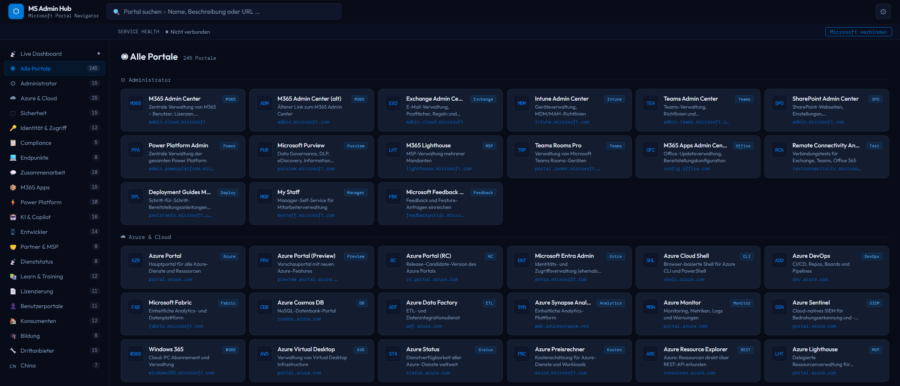 Stets auf der Suche nach dem passenden Microsoft-Admin-Portal? Zugegeben, es gibt zahlreiche Websites, wie mein neuer Wurf „MS Admin Hub„. Da bilde ich mich nichts darauf ein. Der Entwurf ist aus einem Entwicklungs-Projekt im Rahmen eines Azure-Kurses hervorgegangen. Aber das Design ist gelungen und das Konzept bietet noch Potenzial zum Ausbau.
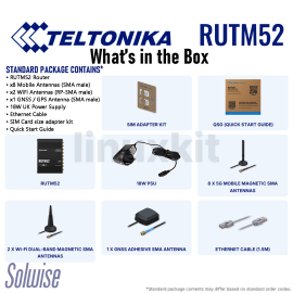 - What's in the box: • RUTM52 Router • x8 Mobile antennas (magnetic mount, SMA male) • x2 WiFi antennas (magnetic mount, RP-SMA male) • x1 GNSS / GPS antenna (adhesive mount, SMA male) • 18W UK Power Supply • Ethernet cable • SIM Card size adapter kit • Quick Start Guide
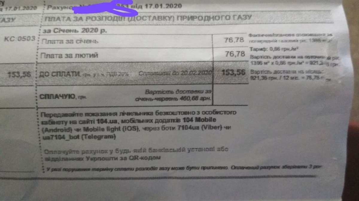 Також постачальники газу вказують на квитанції, що рекомендується оплачувати відповідну послугу до 20 числа місяця одним платежем одразу за півріччя, щоб зекономити кошти на комісії.
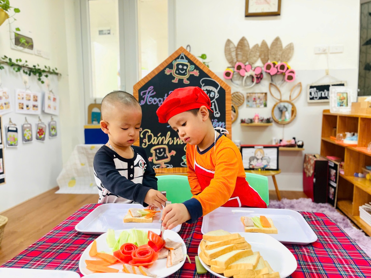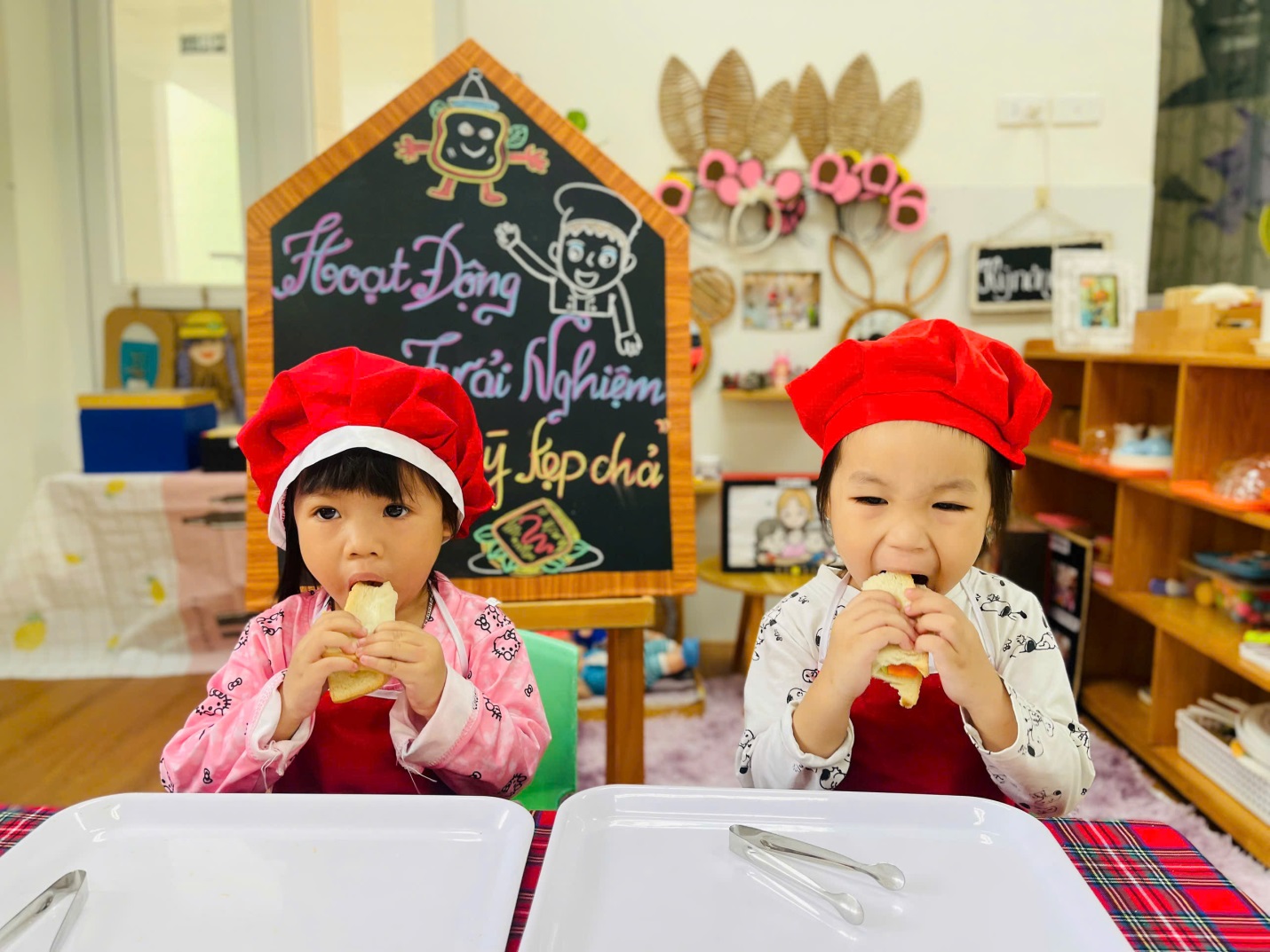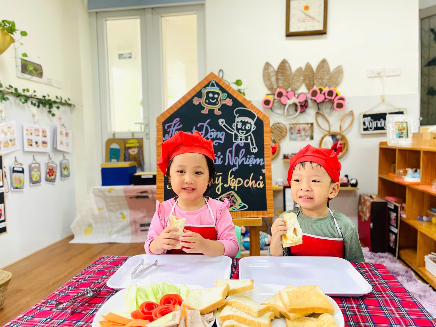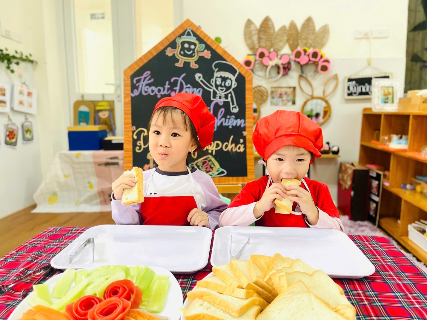 Qua hoạt động trẻ được làm quen với các nguyên liệu gần gũi trong bữa ăn hàng ngày và có kỹ năng khéo léo để tự tay làm bánh mì kẹp theo ý thích. Với các nguyên vật liệu bánh mì sandwich, chả, dưa chuột, cà rốt theo sự sáng tạo sở thích của trẻ, cùng nhau thưởng thức thành phẩm tự tay làm.
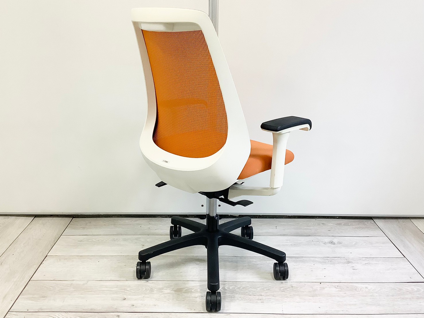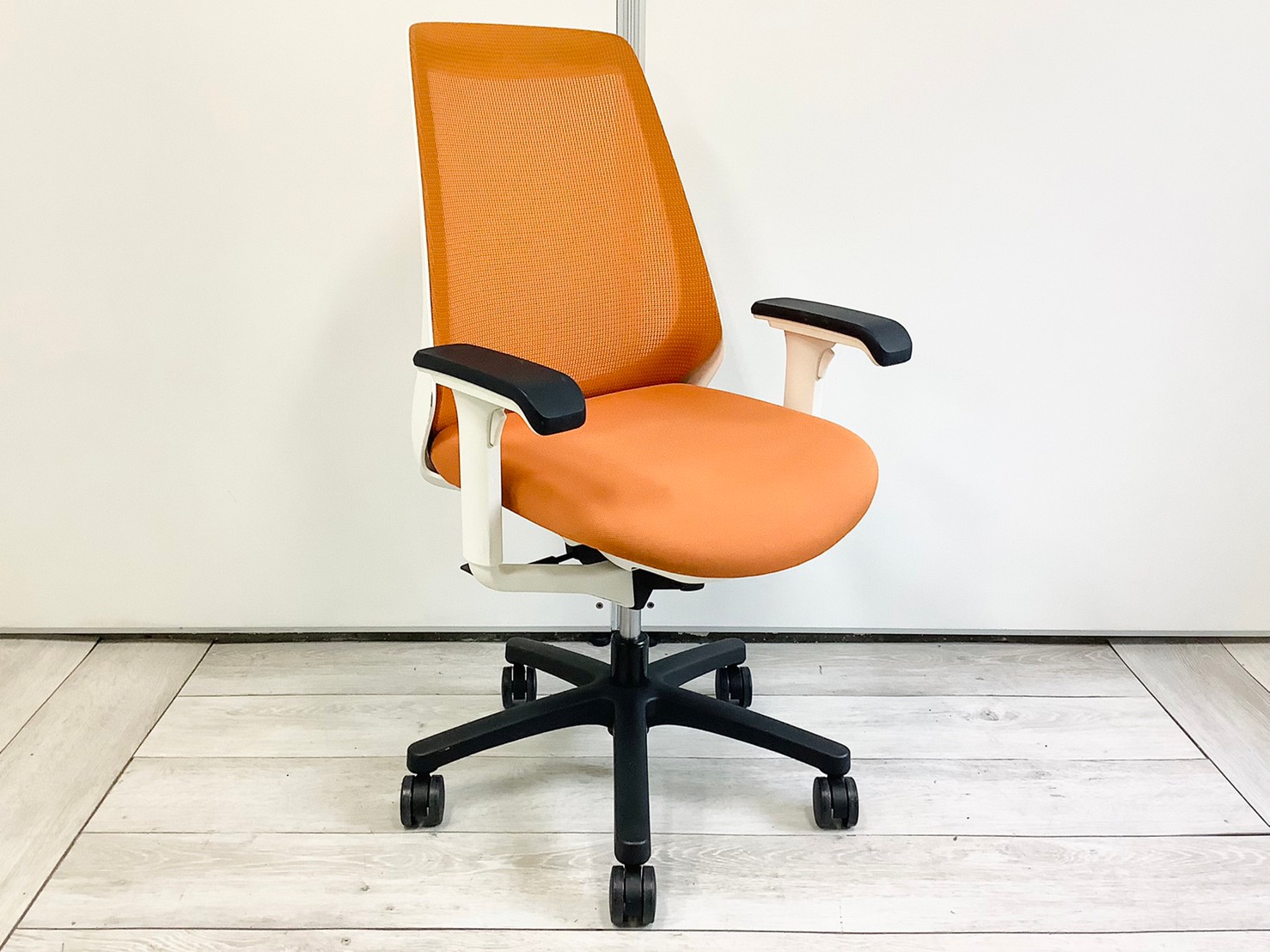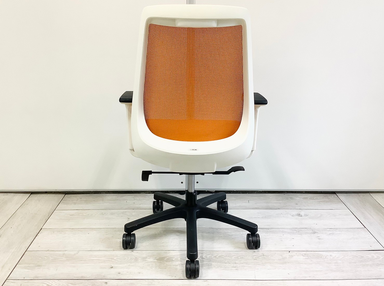 【座りやすくてコンパクト!肩回りが動かしやすい背面メッシュの人気チェア!】■イトーキ(ITOKI) ノナ(nona)チェア ハイバック 肘付き ■サークル肘 ■背面メッシュ ■アンバーオレンジ × ホワイトシェル
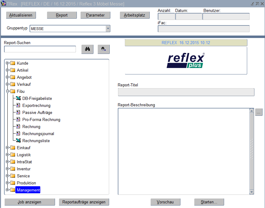 - Bei Report/Listen ist dieser Menüpunkt nicht aktiviert.
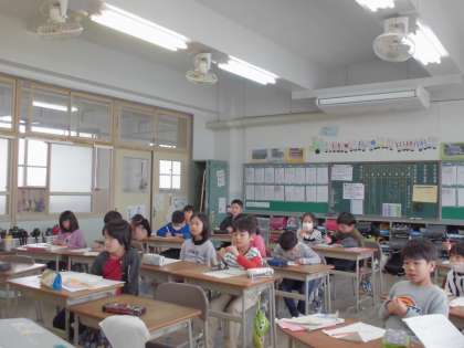 国語の学習では、便利な物や道具を考え、発表を行いました。絵を見せながら、聞きやすい声で発表したり、質問したりしました。発表を聞きながら、友達の良い所をたくさん見つけました。
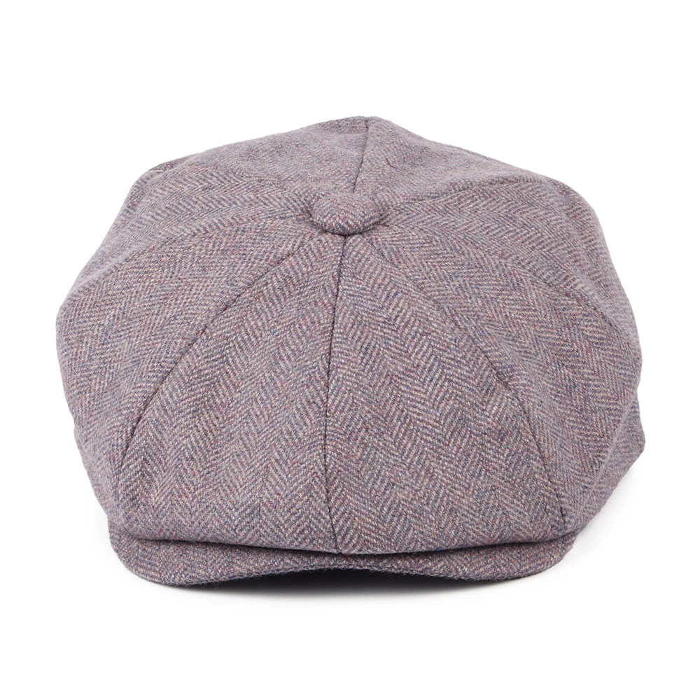 The Christys’ Lovat Teviot Tweed Flat Cap in light purple is made in England from 100% wool tweed from Lovat of Scotland. Inside are a satin lining and grosgrain sweatband for comfort. The crown sewn down to the brim for a sleek look.
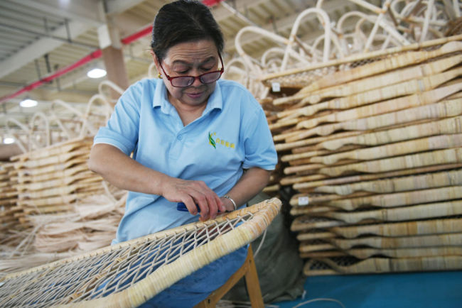 2023年9月7日,在位于汉中市的陕西良顺匠心实业有限公司,工作人员在编织藤制品。新华社记者张曼怡摄

▬▬▬▬▬▬▬▬▬▬

* [ABOUT THIS EXERCISE] Transcribe each line of the material above verbatim, but do not include the images.

* [THE ANSWER]
 Stets auf der Suche nach dem passenden Microsoft-Admin-Portal? Zugegeben, es gibt zahlreiche Websites, wie mein neuer Wurf „MS Admin Hub„. Da bilde ich mich nichts darauf ein. Der Entwurf ist aus einem Entwicklungs-Projekt im Rahmen eines Azure-Kurses hervorgegangen. Aber das Design ist gelungen und das Konzept bietet noch Potenzial zum Ausbau.
 - What's in the box: • RUTM52 Router • x8 Mobile antennas (magnetic mount, SMA male) • x2 WiFi antennas (magnetic mount, RP-SMA male) • x1 GNSS / GPS antenna (adhesive mount, SMA male) • 18W UK Power Supply • Ethernet cable • SIM Card size adapter kit • Quick Start Guide
 Також постачальники газу вказують на квитанції, що рекомендується оплачувати відповідну послугу до 20 числа місяця одним платежем одразу за півріччя, щоб зекономити кошти на комісії.
 Qua hoạt động trẻ được làm quen với các nguyên liệu gần gũi trong bữa ăn hàng ngày và có kỹ năng khéo léo để tự tay làm bánh mì kẹp theo ý thích. Với các nguyên vật liệu bánh mì sandwich, chả, dưa chuột, cà rốt theo sự sáng tạo sở thích của trẻ, cùng nhau thưởng thức thành phẩm tự tay làm.
 【座りやすくてコンパクト!肩回りが動かしやすい背面メッシュの人気チェア!】■イトーキ(ITOKI) ノナ(nona)チェア ハイバック 肘付き ■サークル肘 ■背面メッシュ ■アンバーオレンジ × ホワイトシェル
 - Bei Report/Listen ist dieser Menüpunkt nicht aktiviert.
 国語の学習では、便利な物や道具を考え、発表を行いました。絵を見せながら、聞きやすい声で発表したり、質問したりしました。発表を聞きながら、友達の良い所をたくさん見つけました。
 The Christys’ Lovat Teviot Tweed Flat Cap in light purple is made in England from 100% wool tweed from Lovat of Scotland. Inside are a satin lining and grosgrain sweatband for comfort. The crown sewn down to the brim for a sleek look.
 2023年9月7日,在位于汉中市的陕西良顺匠心实业有限公司,工作人员在编织藤制品。新华社记者张曼怡摄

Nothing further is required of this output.